Precies. Volgens veel Oosterse wegen gaat het om onthechten en loslaten. In de Renaissance-weg blijf je verbonden met je emoties, zonder ze helemaal te wórden, maar wel door ze uit te nodigen. En zo ontdek je dat er iets moois achter zit: in dit geval de levenskracht. Dat is de oervorm.
Hoe verging het de ‘spirit’ in de ontwikkeling van mensmodellen?
‘De transpersoonlijke spirit kwam van boven en straalde door het hele lichaam naar de aarde. Van boven tot onderen. Ook de ziel straalt van boven door het lichaam heen en werkt vanuit het hart. ‘Transpersoonlijk’ werd toen niet gebruikt, men had het over ‘Geest’ (‘Spirit’) en onsterfelijke ziel. In ongeveer 1650 brak de wetenschap door.
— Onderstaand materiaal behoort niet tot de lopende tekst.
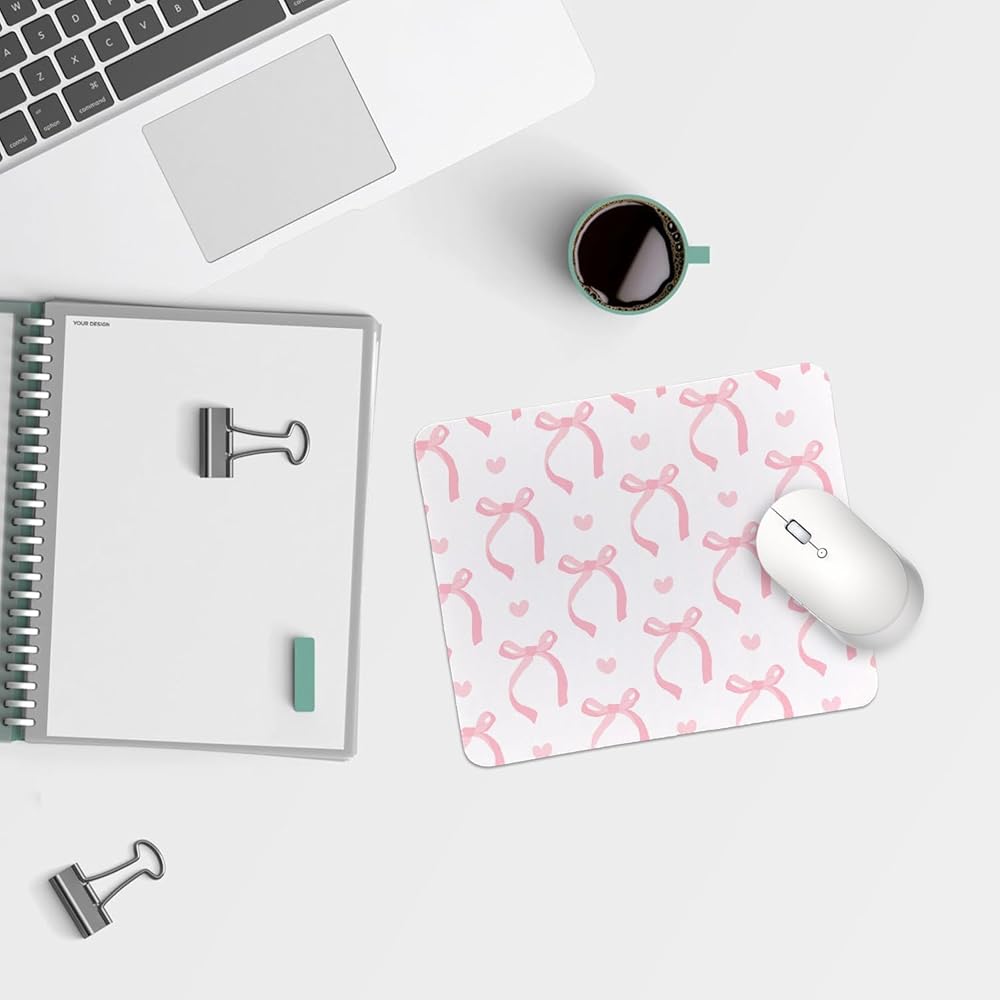QIYUHOY Pink Bow Mouse Pad, Coquette Trendy Desk Mat Personalized Mouse Mat Design, Home Office Gaming Working,Gifts for Girls Women Female Friends,9.5x7.9 inches

De hersens werden het centrum van het denken volgens de geleerden, en het hart bleek ‘slechts’ een pomp. Had men de ziel niet meer nodig? Niet zonder toeval ontstonden in die tijd esoterische genootschappen, een soort hippies avant la lettre. Zij predikten gelijkheid en waren tegen van alles en vóór liefde en verbroedering. Zij probeerden juist de ziel weer te voelen.’
Welke kant gaat het op met de mensmodellen?
‘De toekomst zal een tussengebied laten zien waarvan we moeten erkennen dat er ook dingen zijn die de wetenschap niet kan bewijzen. Dan kunnen we én aan het werk met spirituele modellen én de wetenschappelijke inzichten daar inzetten waar ze bruikbaar zijn. Dat ‘bewijzen’ is vaak niet effectief; ook in alternatieve kringen worden soms wanhopig bewijzen gezocht. Beter is om met het werkbare aan de slag te gaan. Doe wat je nú kan, in plaats van het de wetenschappers naar de zin te maken. Er hoeft geen brug te komen tussen wetenschap en alternatieve benaderingen, maar wel wederzijds respect.’
Wat is je advies als doctor aan de menswetenschappers?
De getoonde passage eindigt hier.